А капитан продолжал:
– Может быть, вы все хотите пойти в Музей естественной истории? А если нет, давайте вернемся на Большой канал. Будь у нас больше времени, хорошо было бы повести Бенджамина на Голубую лестницу.
– Что это за Голубая лестница, Ламберт? – спросил Бен.
– Это самая высокая точка на дюнах. Оттуда замечательный вид на океан, и, кроме того, можно хорошо рассмотреть, какое чудо сами дюны. С трудом верится, что ветер смог намести такие огромные гряды песка. Но, чтобы попасть туда, нам придется пройти через Блумендаль, а это не очень приятная деревня; кроме того, она довольно далеко отсюда. Что ты на это скажешь?
– Ну, я-то готов на все. Я даже, пожалуй, направился бы прямо в Лейден, но мы поступим так, как скажет капитан… А, Якоб?

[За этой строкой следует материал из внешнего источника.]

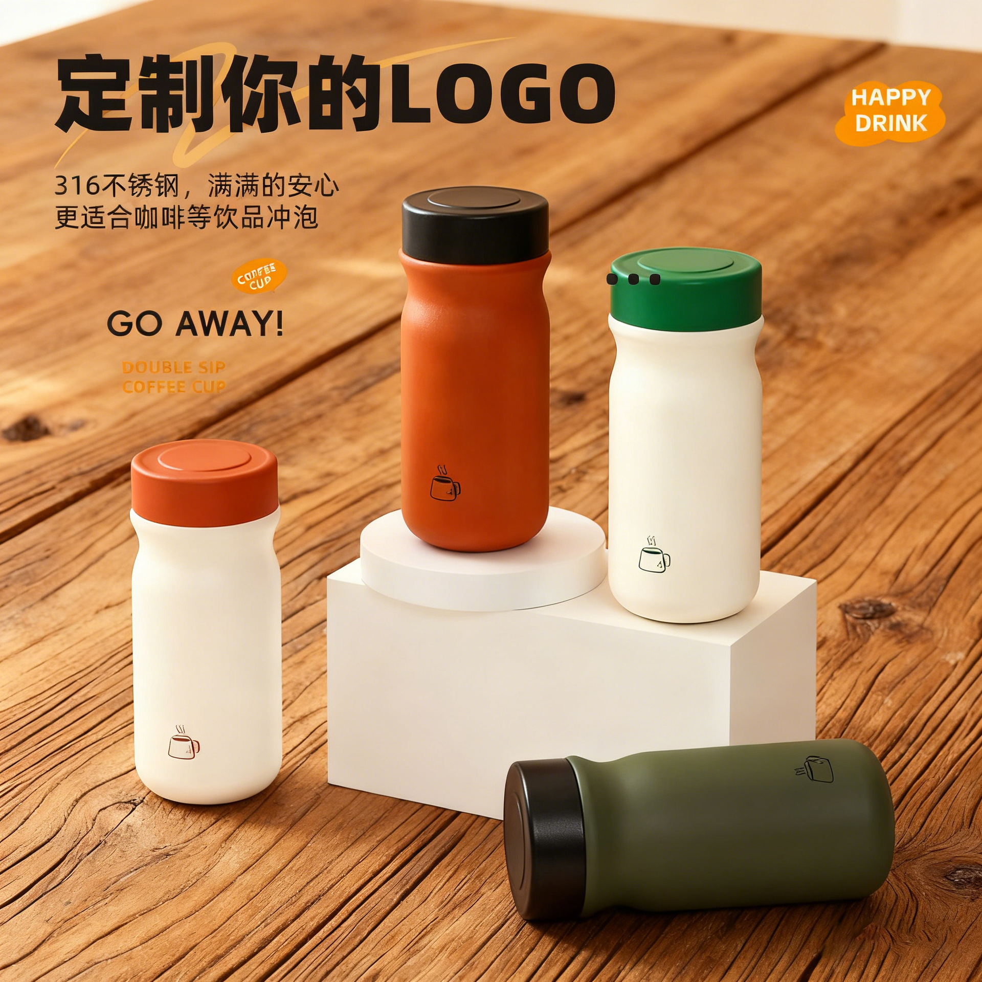 新しい 316 ステンレス鋼魔法瓶カップ、高見えするポータブルコーヒーカップ、茶水分離シチュービーカー、カスタマイズ可能なロゴ

– Йа, это хорошо, – промолвил Якоб, которому, впрочем, гораздо больше хотелось немного поспать, чем подниматься на Голубую лестницу.
Капитан стоял за то, чтобы направиться в Лейден.
– Отсюда до Лейдена четыре мили с лишком… Целых шестнадцать английских миль, Бенджамин. Если мы хотим попасть туда до полуночи, времени терять нельзя. Решайте быстрей, ребята, Голубая лестница или Лейден?
– Лейден, – ответили мальчики и, в одно мгновение вылетев из Хаарлема, побежали по каналу, любуясь высокими, как башни, ветряными мельницами и красивыми загородными усадьбами.
– Если хочешь видеть Хаарлем во всей его красе, – сказал Ламберт Бену, после того как они несколько минут катили молча, – ты должен приехать сюда летом. Нигде в мире нет таких прекрасных цветов. За городом тоже очень красиво – есть где погулять. А босх, лес, растянулся на много миль. Нельзя забыть его величественные вязы. Голландские вязы не имеют себе равных: это самое благородное дерево на свете, Бен, кроме английского дуба…
– Да, кроме английского дуба, – важно проговорил Бен и на несколько мгновений перестал видеть канал, потому что Робби и Дженни замелькали в воздухе перед ним.